At the 36th edition of the Maastricht fair, the overall mood felt markedly and deliberately different from the high-speed, transactional vibe typical of contemporary fairs. That said, several dealers had already made sales by the end of the preview days, though they often had to wait for permission to report them to the press.

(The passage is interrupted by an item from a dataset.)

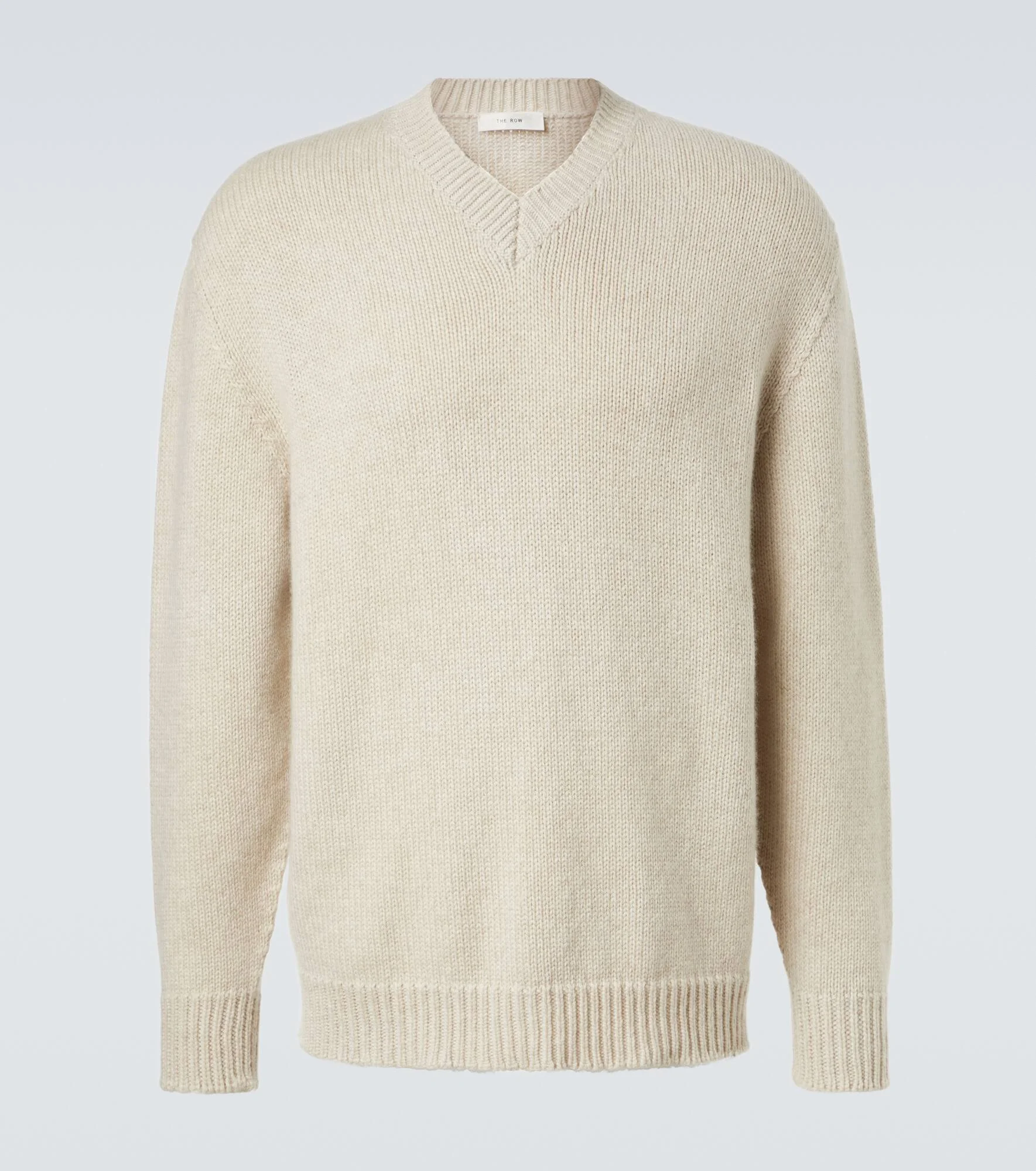 A deep affection for refined and timeless fashion influences The Row's dedication to craftsmanship and quality. Made in Italy from soft cashmere, the Creed sweater features a V-neckline and ribbed-knit trims. Product Details - Material: 100% cashmere - Care instructions: dry clean - Made in Italy - Designer color name: Fog - Item color: white - Collar: V-neck - Cuff: ribbed - Hem: ribbed - Item number: P01116488 Size & Fit - True to size - Dropped shoulders - Designed for a loose fit - Slightly stretchy fabric - Falls below the hip - The model in the picture is 185cm-6'1" and wearing a size L

At TEFAF, it is more common than at other fairs to hear Italian spoken in the aisles, as Italian dealers maintain a distinctive presence in both the Old Master and postwar and modern sections, often through multigenerational enterprises. One of these is the long-established Bologna-based gallery Galleria D’Arte Maggiore g.a.m., a regular at TEFAF and at fairs such as Art Basel, often presenting a distinctive selection of Morandi and other postwar Italian masters. These are names that, despite being less visible in the U.S. market, still trigger strong interest in Italy, as in the Etruscan-inspired timeless beauty of Massimo Campigli’s works, a master of the Novecento’s revisitation of classical forms. On hold in the early hours was his monumental painting Casa (1964), which once hung in the St. Tropez villa Campigli built for himself with Gio Ponti. The work reflects the long collaboration between the artist and Ponti, who frequently invited Campigli to create works for his architectural projects, most notably the fresco he executed between 1939 and 1940 for the Palazzo Liviano at the University of Padua, designed by Ponti in 1934.
Other mid-weekend confirmed sales included works by Giorgio De Chirico, Bertozzi & Casoni, Claudine Drai and Arman. As the gallery entered the public hours, there were also active negotiations for two museum-grade works: a surreal and enigmatic De Chirico painting of Bagni misteriosi (1974), an imaginary motif he would later develop into an iconic public sculpture for the Triennale museum in Milan, and a significant landscape by Giorgio Morandi from the collection of Emilio and Maria Jesi, who acquired the painting directly from the artist and were among the principal donors of Morandi works to the Pinacoteca di Brera. It was included in early significant surveys of the artist at the Palais des Beaux-Arts, Bruxelles (1950) and the Kunsthalle Bern (1965).